To be fair, it's a cool hack, but completely impractical.
Join the SDF Public Access UNIX System today!
(Score: 5, Informative) by Knowledge Troll on Monday May 21 2018, @11:59PM (1 child)
That's not true. PKCS#1 does not require the user to pass all the data into the smartcard - it will do something like sign a digest or perform a single RSA decryption. RSA is too slow to use in the general case anyway, even with our modern CPUs, so TLS is based around using RSA operations only at the start and normal symmetric cipher operations after. PKCS#1 has nothing to do with a symmetric cipher.
The bottleneck would come in connection establishment and SSL negotiation - that's where work on the cert and private key happens. After that the CPU takes the load for symmetric encryption.
(Score: 2) by Fnord666 on Tuesday May 22 2018, @12:13PM
You are correct. An actual HSM such as the YubiHSM2 is much closer to a proper solution although I highly doubt it has been audited or meets PCI-HSM [pcisecuritystandards.org] certification requirements. It also adds an order of magnitude to the cost ($650 US v. $50 US) and probably puts it out of most people's "cool hack, I want to try that this weekend" budget.
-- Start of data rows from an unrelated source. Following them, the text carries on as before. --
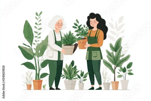 A whimsical flat drawing of a caregiver helping an elderly woman water her houseplants, with bright green leaves and cheerful expressions, on a white background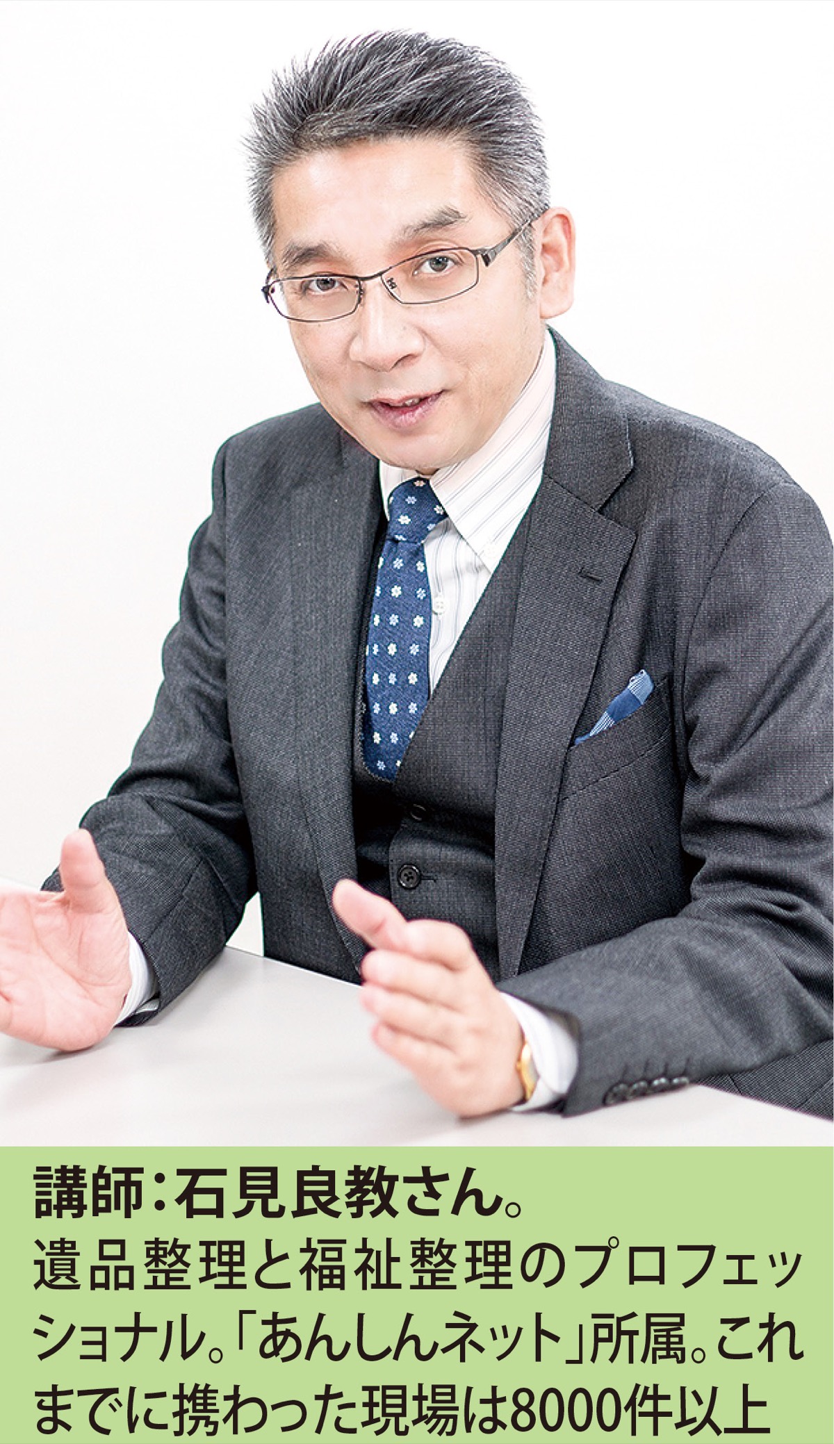 元気なうちに家を整理しておきたいと考えている人にぴったりの同セミナー。講師は「遺品整理人」として人気の石見良教さん=写真。石見さんによると一般家庭でも5〜6tの家財があり、子どもが仕分けながら片付けるのは非常に困難。終活や将来住みやすい場所への転居を見据えているなら少しずつ始めるのが良さそうだ。当日は片付けのコツや注意点なども解説。「生前整理は心の整理。ぜひ片付けのヒントを聞きに来てください」と石見さん。小冊子のプレゼントあり。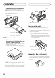 Installation Remarque Tableau de bord Laissez un espace Français • Vérifiez toutes les connexions et tous les systèmes avant l’installation finale. • N’utilisez aucune pièce non autorisée. L’utilisation de pièces non autorisées peut causer un mauvais fonctionnement. • Consultez votre revendeur si l’installation nécessite que vous perciez des trous ou effectuiez d’autres modifications du véhicule. • N’installez pas l’appareil dans un endroit où: — il peut gêner la conduite du véhicule.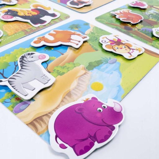 Przypatrz się uważnie planszom do gry, wszystkiego pomogą Ci się dowiedzieć! Przy pomocy rzepek umocuj każde zwierzątko do obrazka, który odpowiada miejscu jego zamieszkania. Przykładowo krówkę kierujemy do farmy, a wiewiórkę na drzewo. Ale to jeszcze nie wszystko. W każdym domku jest ulubione jedzonko zwierzątek. Dowiedz się, co uwielbiają pałaszować.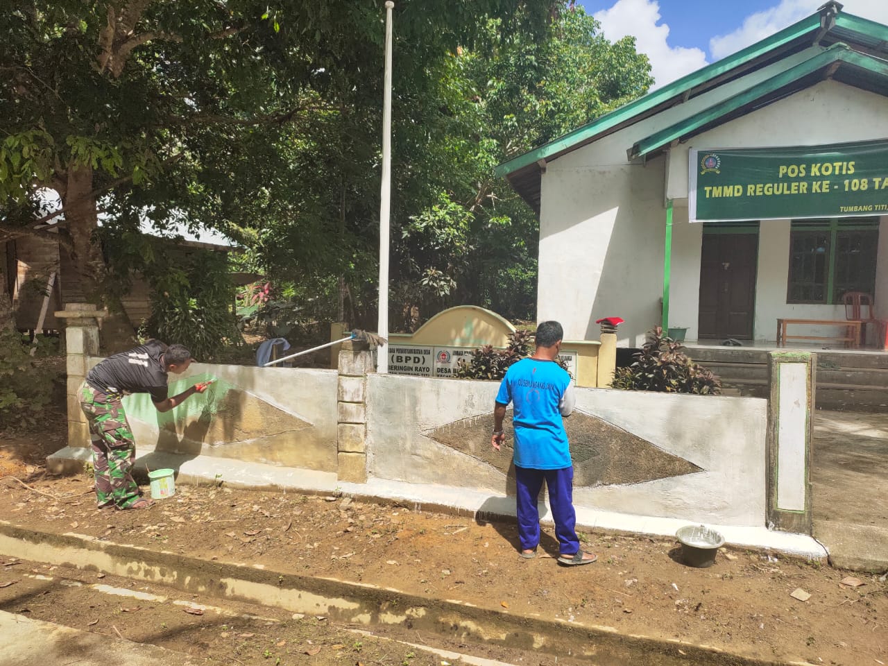 Aktivitas di kantor desa sekaligus Poskotis TMMD terlihat sangat lengang, membuat personel satgat TMMD Reguler Ke -108 bersama warga mengambil kesempatan untuk melaksanakan pengecatan tembok pagar kantor desa beringin Rayo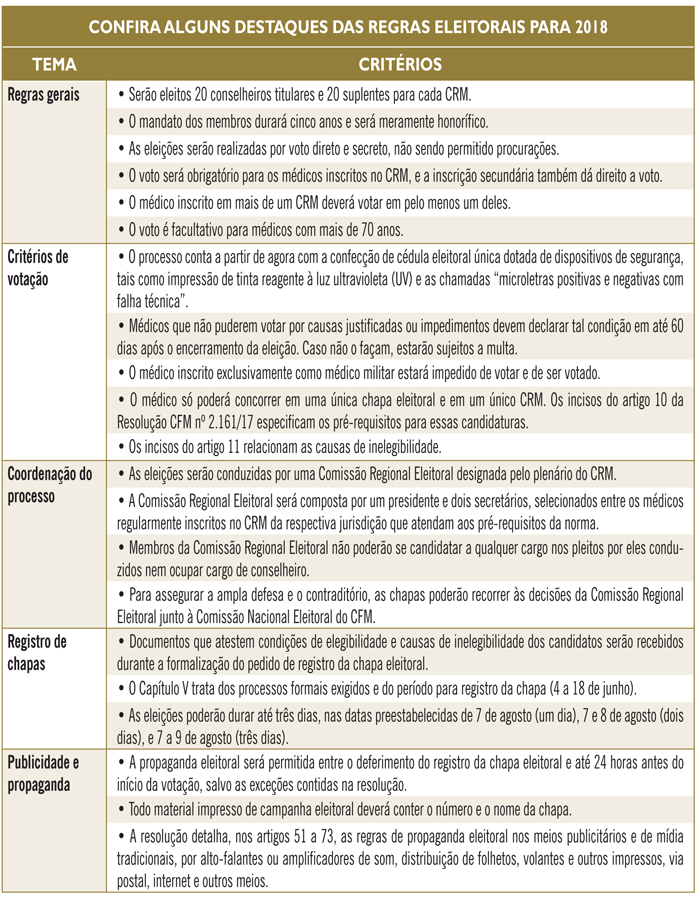 Critérios – A Resolução CFM nº 2.161/17 traz ainda regramentos gerais, como número de titulares e suplentes a serem eleitos para cada CRM (20 titulares e 20 suplentes por estado) e duração do mandato (cinco anos).

In the end this was a cool hack that has a somewhat low cost to replicate but should not be used in any sort of production environment.
(Score: 3, Insightful) by ElizabethGreene on Tuesday May 22 2018, @02:09PM (3 children)
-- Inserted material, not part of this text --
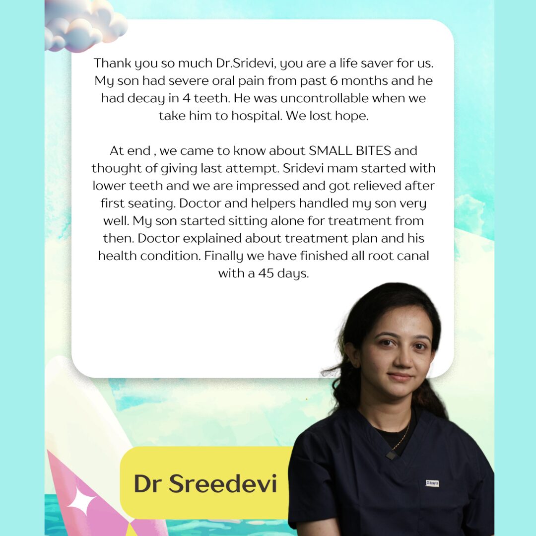 Founded by Dr. Premila Naidu in 2007, Small Bites has over the last 17+ years constantly strived to be different, whether in our dental expertise & technological intervention or care and warmth backed by experience and expertise. We cater to the special needs of children with developmental disabilities such as Autism, Aspergers, Downs Syndrome, providing one-on-one care & attention to ensure the best level of dental care at all times.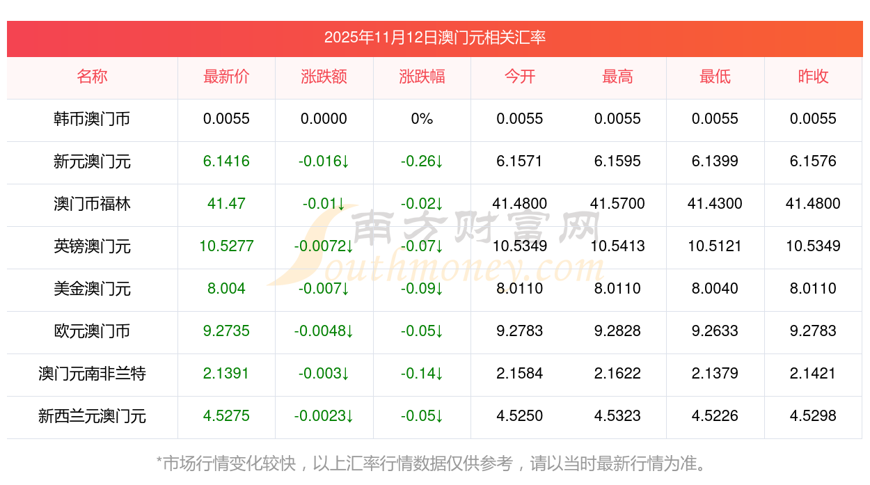 2025年11月12日澳門(mén)元相關(guān)匯率查詢

If you didn't need to move the certificate from one system to another then generating it from and storing it in the TPM may be a better option. That's one of the things it's built to do.
(Score: 2) by fraxinus-tree on Tuesday May 22 2018, @03:11PM (1 child)
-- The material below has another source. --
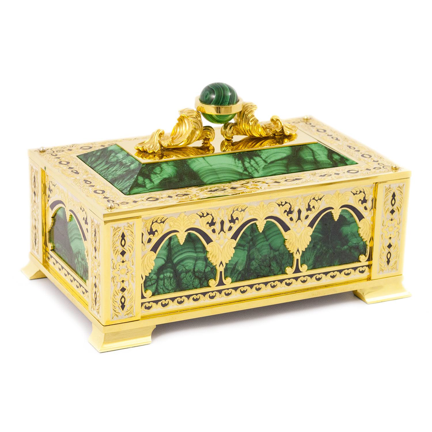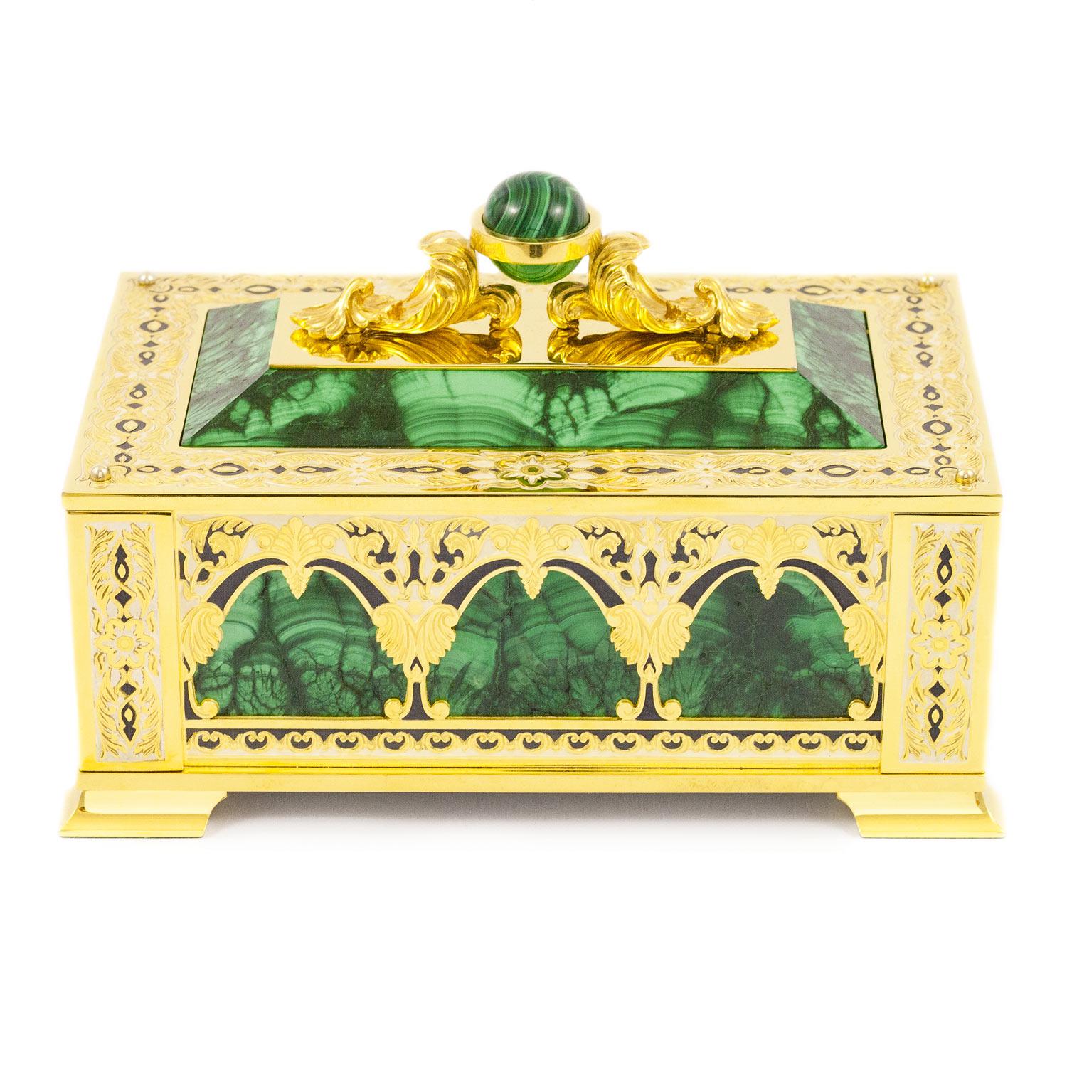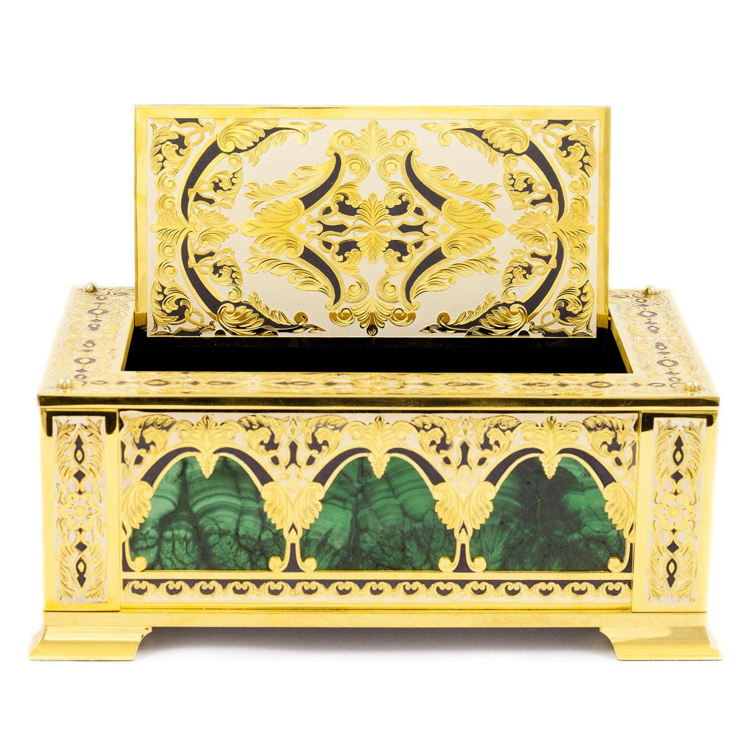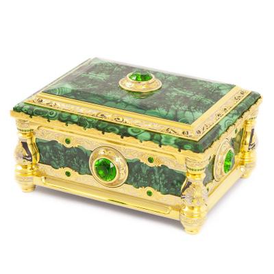Ларец "малахитовый". Вес 5000 г Размер 22,5х14,5х14 Материал малахит, бронза, латунь, никель, покрытие золотом (999,9).  развернуть описание ▼

The point is, you cannot move the private key out of TPM even if you want.
(Score: 2) by ElizabethGreene on Wednesday May 23 2018, @07:15PM
Affirmative. You ask the TPM to encrypt or decrypt things, you don't ask it for the key. It's a nifty piece of kit.
I'd be remiss here if I didn't caveat that with a *.
* That is so long as the TPM manufacturer did their job competently. There has been at least one flaw found in a TPM implementation.
>> https://portal.msrc.microsoft.com/en-us/security-guidance/advisory/ADV170012 [microsoft.com]
(Score: 2) by ElizabethGreene on Wednesday May 23 2018, @07:23PM
On a related note, the last time I looked TPM support was orphaned and possibly broken in OpenSSL on Linux. Any volunteers want to take that on?